### EXTRACTED ENTRIES:
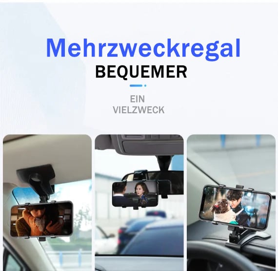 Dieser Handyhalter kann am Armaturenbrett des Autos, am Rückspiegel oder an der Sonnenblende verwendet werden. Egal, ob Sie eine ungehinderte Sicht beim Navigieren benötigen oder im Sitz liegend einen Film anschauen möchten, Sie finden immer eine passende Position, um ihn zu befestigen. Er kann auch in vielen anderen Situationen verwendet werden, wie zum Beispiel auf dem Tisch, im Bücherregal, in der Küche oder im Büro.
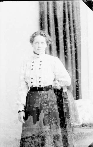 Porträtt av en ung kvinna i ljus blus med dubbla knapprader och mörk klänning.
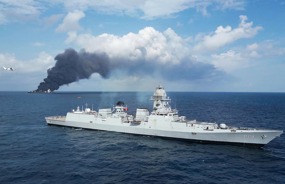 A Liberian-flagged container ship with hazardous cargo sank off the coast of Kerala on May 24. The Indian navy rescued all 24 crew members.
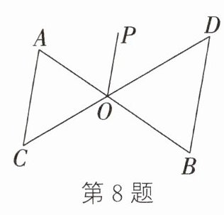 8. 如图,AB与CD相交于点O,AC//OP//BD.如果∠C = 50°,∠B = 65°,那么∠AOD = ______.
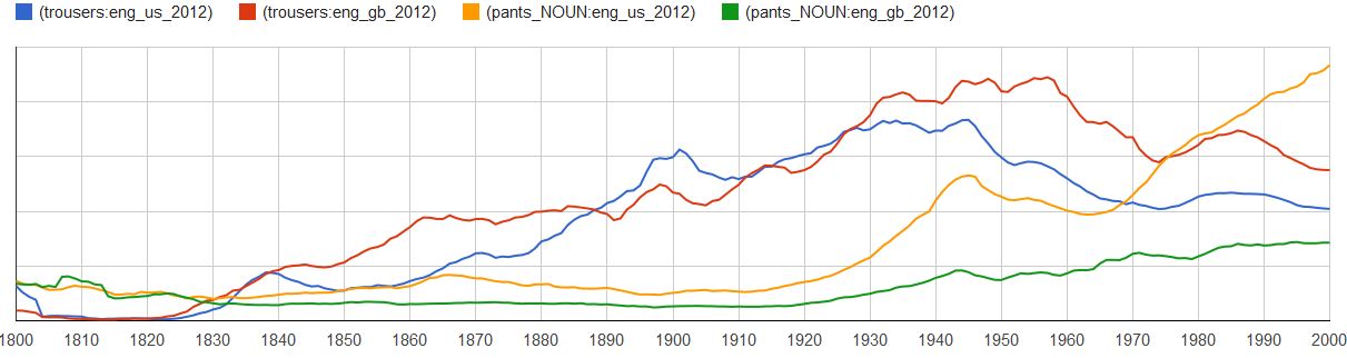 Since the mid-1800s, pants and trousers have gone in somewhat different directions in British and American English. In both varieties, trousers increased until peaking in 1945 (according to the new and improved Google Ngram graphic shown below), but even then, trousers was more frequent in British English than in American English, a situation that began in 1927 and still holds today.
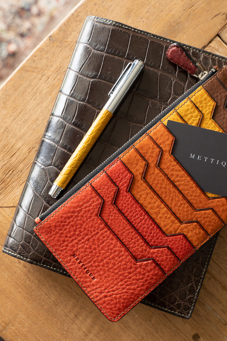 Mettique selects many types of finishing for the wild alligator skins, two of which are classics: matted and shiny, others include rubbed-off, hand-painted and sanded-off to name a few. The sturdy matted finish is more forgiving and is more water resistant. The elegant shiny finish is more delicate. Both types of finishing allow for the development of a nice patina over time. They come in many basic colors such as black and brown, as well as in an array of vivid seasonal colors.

---

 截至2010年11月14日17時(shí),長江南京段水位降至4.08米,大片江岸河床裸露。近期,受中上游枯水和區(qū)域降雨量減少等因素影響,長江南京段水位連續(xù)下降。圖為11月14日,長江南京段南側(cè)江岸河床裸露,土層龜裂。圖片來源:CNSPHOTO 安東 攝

### EXERCISE DESCRIPTION:
When you reach the line holding "Dieser Handyhalter kann" in the listing above, begin retyping exactly, and stop once the line holding "Mettique selects many" is done; pictures stay out.

### EXERCISE OUTPUT:
 Dieser Handyhalter kann am Armaturenbrett des Autos, am Rückspiegel oder an der Sonnenblende verwendet werden. Egal, ob Sie eine ungehinderte Sicht beim Navigieren benötigen oder im Sitz liegend einen Film anschauen möchten, Sie finden immer eine passende Position, um ihn zu befestigen. Er kann auch in vielen anderen Situationen verwendet werden, wie zum Beispiel auf dem Tisch, im Bücherregal, in der Küche oder im Büro.
 Porträtt av en ung kvinna i ljus blus med dubbla knapprader och mörk klänning.
 A Liberian-flagged container ship with hazardous cargo sank off the coast of Kerala on May 24. The Indian navy rescued all 24 crew members.
 8. 如图,AB与CD相交于点O,AC//OP//BD.如果∠C = 50°,∠B = 65°,那么∠AOD = ______.
 Since the mid-1800s, pants and trousers have gone in somewhat different directions in British and American English. In both varieties, trousers increased until peaking in 1945 (according to the new and improved Google Ngram graphic shown below), but even then, trousers was more frequent in British English than in American English, a situation that began in 1927 and still holds today.
 Mettique selects many types of finishing for the wild alligator skins, two of which are classics: matted and shiny, others include rubbed-off, hand-painted and sanded-off to name a few. The sturdy matted finish is more forgiving and is more water resistant. The elegant shiny finish is more delicate. Both types of finishing allow for the development of a nice patina over time. They come in many basic colors such as black and brown, as well as in an array of vivid seasonal colors.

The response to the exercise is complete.